## Work order
Within the entries below, please return exactly the lines from the one with "Handcrafted from a" through the one with "岩まんは、岩国市の老舗和菓子", leaving out any pictures.

## Data extracts
------------
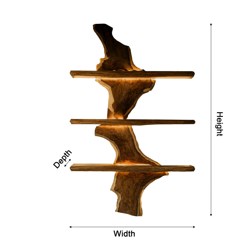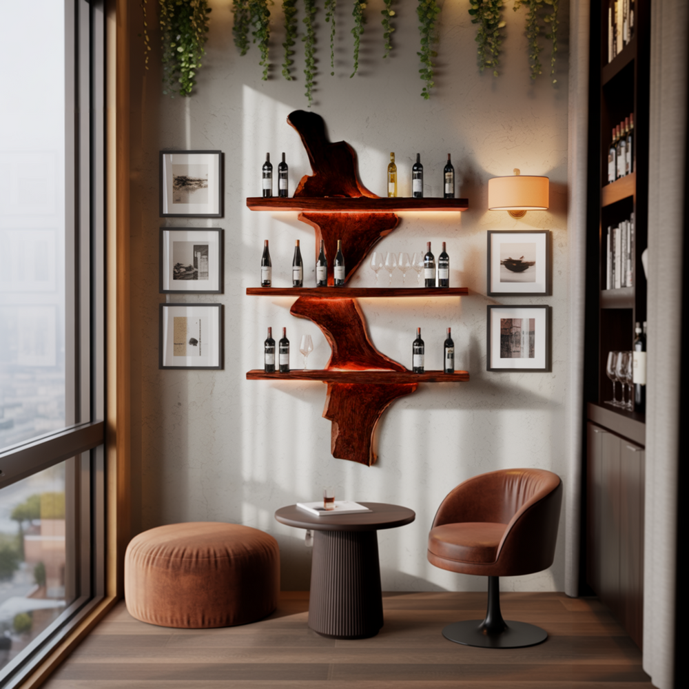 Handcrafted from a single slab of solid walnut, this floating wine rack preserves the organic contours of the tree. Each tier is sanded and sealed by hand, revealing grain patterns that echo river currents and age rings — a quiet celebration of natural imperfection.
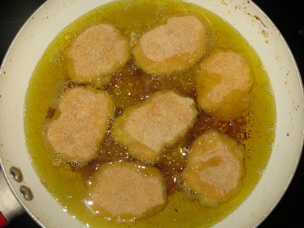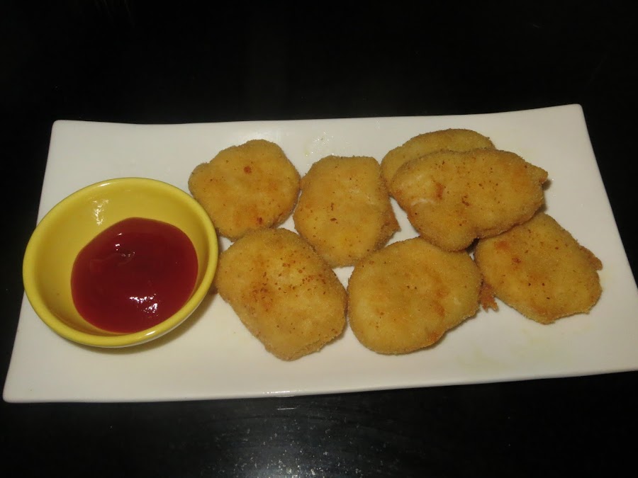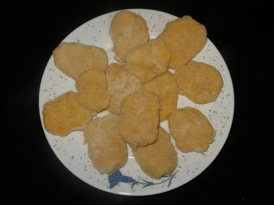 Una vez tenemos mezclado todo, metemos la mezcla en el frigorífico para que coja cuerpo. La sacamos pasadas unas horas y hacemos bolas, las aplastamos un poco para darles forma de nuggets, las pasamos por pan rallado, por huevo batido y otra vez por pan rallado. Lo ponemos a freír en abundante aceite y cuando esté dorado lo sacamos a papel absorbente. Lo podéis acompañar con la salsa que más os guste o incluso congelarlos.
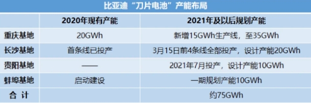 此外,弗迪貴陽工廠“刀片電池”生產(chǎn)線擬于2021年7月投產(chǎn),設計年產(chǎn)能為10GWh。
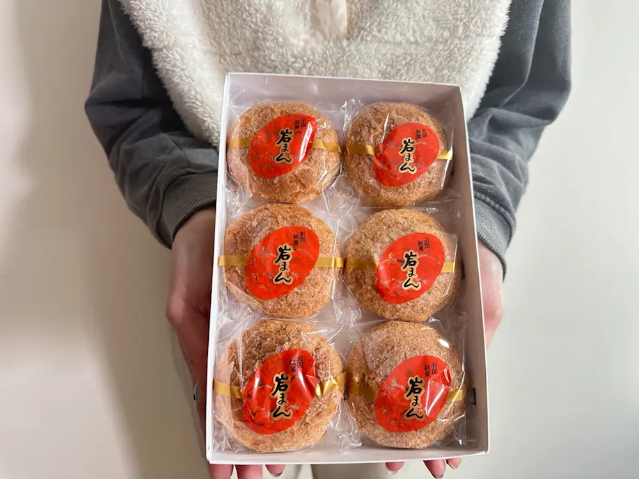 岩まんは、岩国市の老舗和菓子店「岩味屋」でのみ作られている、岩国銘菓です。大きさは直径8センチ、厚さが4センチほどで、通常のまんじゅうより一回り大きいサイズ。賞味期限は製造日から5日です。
------------
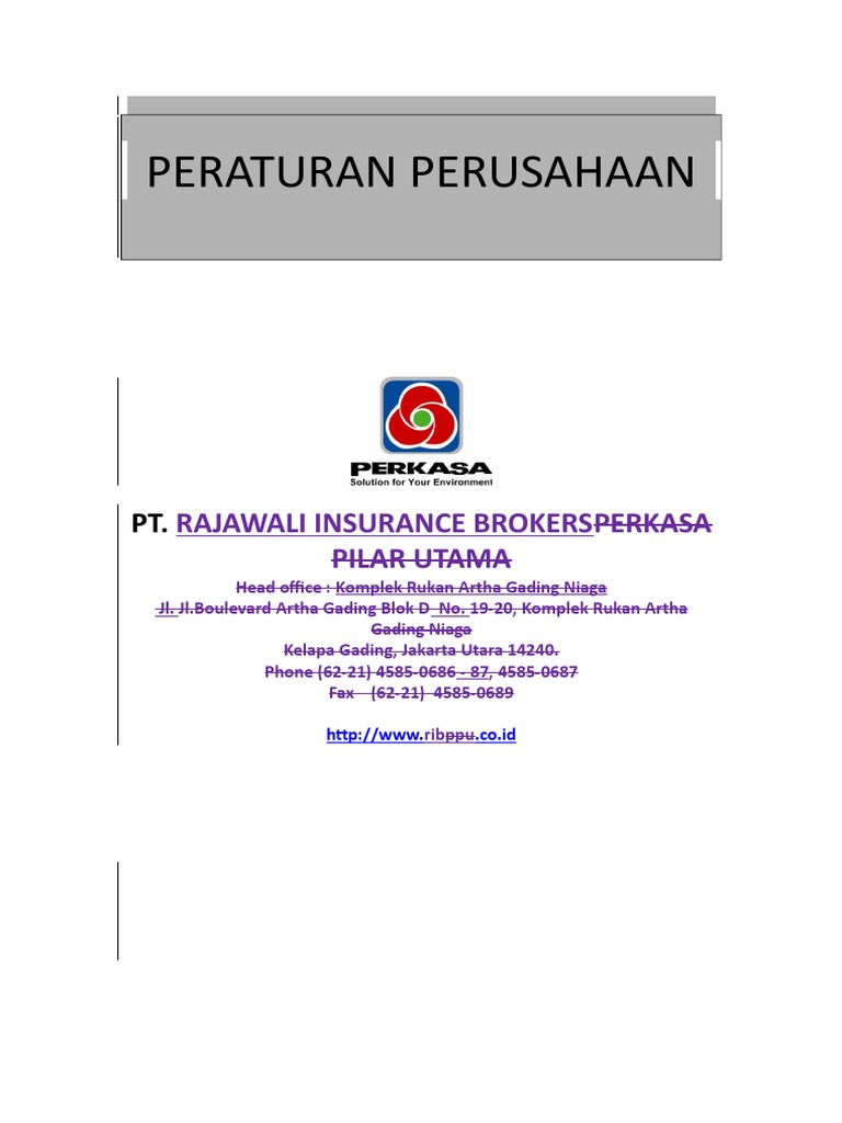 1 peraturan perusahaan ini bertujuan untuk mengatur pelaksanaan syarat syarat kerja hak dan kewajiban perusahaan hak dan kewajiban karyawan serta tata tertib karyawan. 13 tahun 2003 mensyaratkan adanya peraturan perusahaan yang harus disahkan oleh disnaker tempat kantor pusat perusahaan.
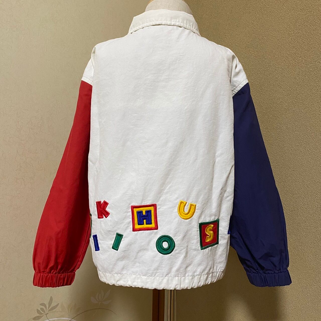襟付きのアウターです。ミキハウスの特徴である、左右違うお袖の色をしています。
------------
## Solved problem
 Handcrafted from a single slab of solid walnut, this floating wine rack preserves the organic contours of the tree. Each tier is sanded and sealed by hand, revealing grain patterns that echo river currents and age rings — a quiet celebration of natural imperfection.
 Una vez tenemos mezclado todo, metemos la mezcla en el frigorífico para que coja cuerpo. La sacamos pasadas unas horas y hacemos bolas, las aplastamos un poco para darles forma de nuggets, las pasamos por pan rallado, por huevo batido y otra vez por pan rallado. Lo ponemos a freír en abundante aceite y cuando esté dorado lo sacamos a papel absorbente. Lo podéis acompañar con la salsa que más os guste o incluso congelarlos.
 此外,弗迪貴陽工廠“刀片電池”生產(chǎn)線擬于2021年7月投產(chǎn),設計年產(chǎn)能為10GWh。
 岩まんは、岩国市の老舗和菓子店「岩味屋」でのみ作られている、岩国銘菓です。大きさは直径8センチ、厚さが4センチほどで、通常のまんじゅうより一回り大きいサイズ。賞味期限は製造日から5日です。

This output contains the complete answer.